Title: When BPDH deciedes to go non contact with kids how much blame do you get? Post by: awomanlearning on September 20, 2013, 05:35:31 AM Last friday things came to a head with father and daughter age 8. He tried to tell her mom is keeping him from seeing her she knows the truth i would like him in their lives a lot more (my own daddy issues lol adored mine) and called him a liar there were other things but at the end of the skype conversation, which he was recording, he found out shes not in therapy but tells me everything she feels. Long and short of it daughter doesnt want to talk to dad because he hurt mommies feelings, he was laughing and shouting got you to me via skype daughter was witness to this behaviour.

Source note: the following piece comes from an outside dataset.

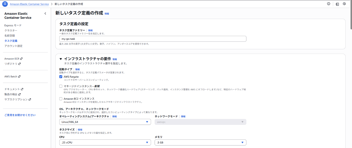 ECS_TASK_DEFINITION: my-go-task # タスク定義のファミリー名
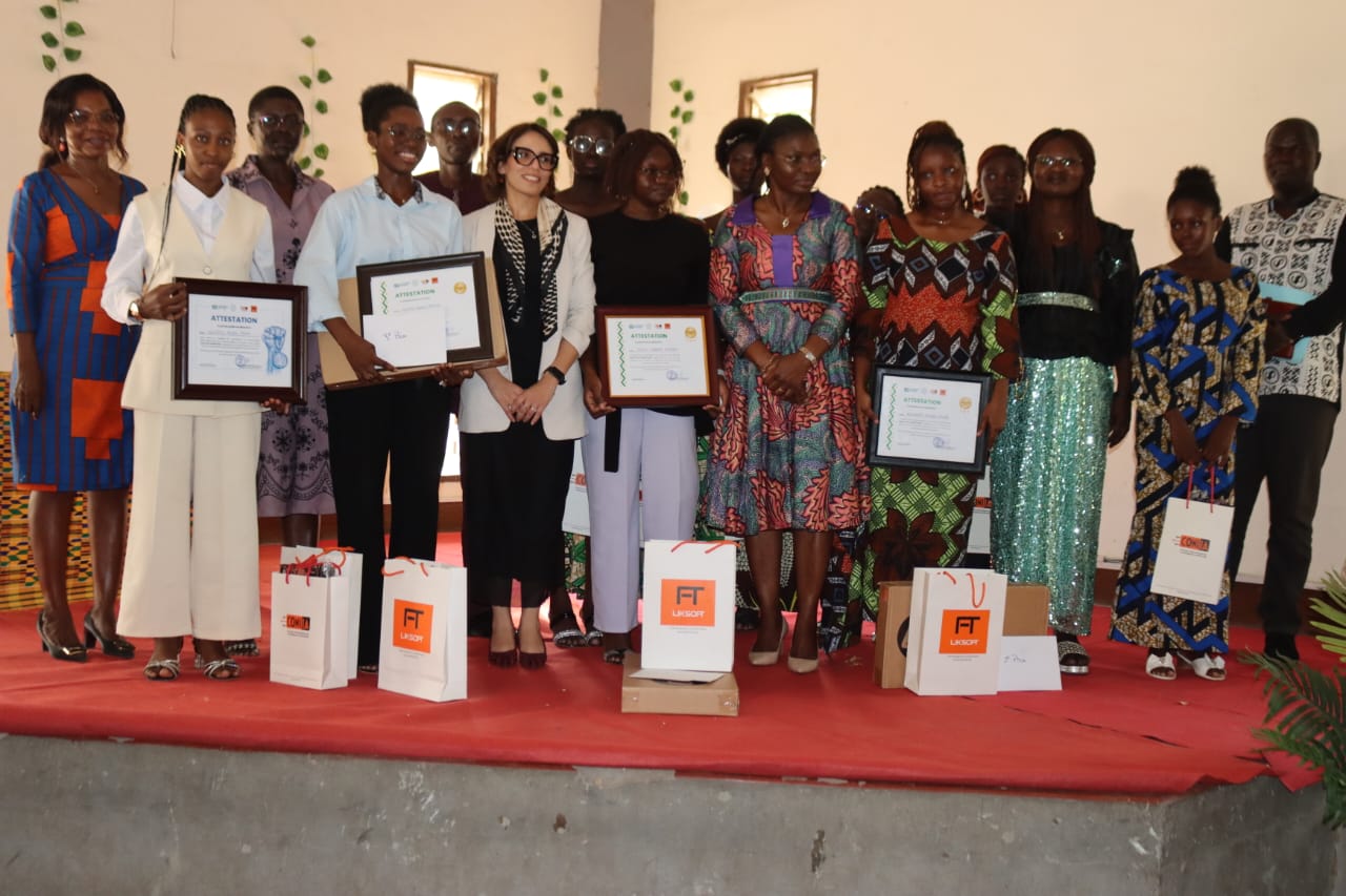 À l’issue de la compétition, Douti Dioktante Bénédicte (étudiante en Master 1 Médecine, FSS-UK) a remporté le premier prix grâce à une prestation brillante. Elle bénéficiera notamment d’un voyage de découverte en Chine, en plus d’un tableau d’honneur, d’un ordinateur, d’une enveloppe financière et de gadgets offerts par les partenaires CONIIA et LIKSOFT. Mireille KOUGNON (étudiante en Master 1 Médecine, FSS-UK) arrive deuxième et reçoit un ordinateur, un tableau d’honneur, une enveloppe financière et des gadgets CONIIA/LIKSOFT. Agate AMANA Catherine (étudiante en Master 1 Recherche Chimie de l’Environnement à UK) occupe la troisième place avec un ordinateur, un tableau d’honneur, une enveloppe financière et des gadgets CONIIA/LIKSOFT. Le Prix du Public revient à ISSIFOU Herline (3ᵉ année Médecine, FSS-UK), récompensée par un tableau d’honneur, une enveloppe financière et divers gadgets CONIIA/LIKSOFT. Toutes les participantes ont reçu des prix de participation, composés de gadgets et d’un pagne wax hollandais, témoignant de la volonté des organisateurs de valoriser chaque contribution.

Now its been a week since his contacted the children via skype he cant phone because i changed my number his was threatening via text i had enough of the mind games and changed my number straight away. There is no reason i can see that he hasnt contacted his children there is skype and email at his disposal and yet nothing. The scarest thing is my daughter has said to me shes isnt missing her dad twice now on different days when i asked her if her dad skyped. That sends shivers down my spine that she feels like this, again my daddy issues i want there to be a relationship. I have asked her to leave a message on skype for him she has done anything yet. So when you ex stops talking to the kids how much blame is placed at your door for their decision? Title: Re: When BPDH deciedes to go non contact with kids how much blame do you get? Post by: DreamGirl on September 20, 2013, 10:51:03 AM I'm a little confused.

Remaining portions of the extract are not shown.